Summer and early autumn, when fruit is plentiful and even in glut, is the time to “put down” preserves. We’re probably not going to go about this in the same way our mothers did, laying in stores to keep the family supplied with fruit and jam over winter. Nowadays, the canning industry makes big bottling days unnecessary (except for nectarines, if you want those you have to bottle them yourself) and there are plenty of small businesses making quality jams.

But without the necessity of making the shelves groan, we still enjoy making special things, such as fruit preserved with a liqueur, making flavoured vinegars, apricot conserve flavoured with orange blossom water, a fruit curd or a CWA chutney.

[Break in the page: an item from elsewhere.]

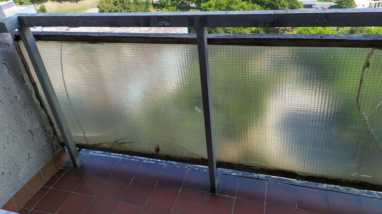Problém bol aj s balkónom. „Balkón ledva držal pokope a mali sme pocit, že pri silnejšej búrke sa s ním budeme musieť rozlúčiť. Po nahlásení závady mi prišiel pán z údržby povedať, že nič s tým robiť nebudú, len do toho nemáme kopať.“ vyjadrila sa študentka bývajúca na internátoch ku fotografii rozbitého balkóna.
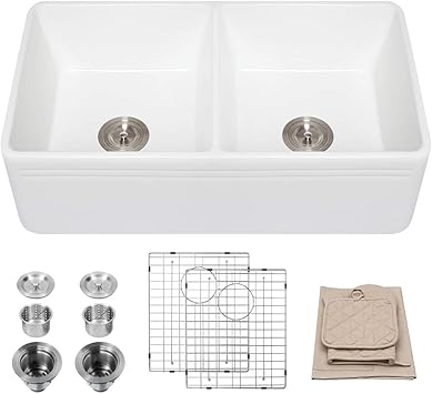 Lordear 33 Inch Fireclay Farmhouse Kitchen Sink Apron Front White

Bottled tomatoes need vinegar added to them if they are to keep, so if you want to make a tomato sauce for use with pasta or other meals, it is better to freeze it.

For jam, choose fruit that is firm and slightly under-ripe and include just a few ripe fruits for colour, but too much ripe fruit needs too much boiling to set into jam. Fruit that is bottled should also be firm and undamaged.

If you see a bargain or are given very ripe fruit or tomatoes, make the fruit into a syrup or sauce, the tomatoes into a sauce or soup. Use your freezer, if you do not want to follow the strict rules or equip yourself for preserving in bottles.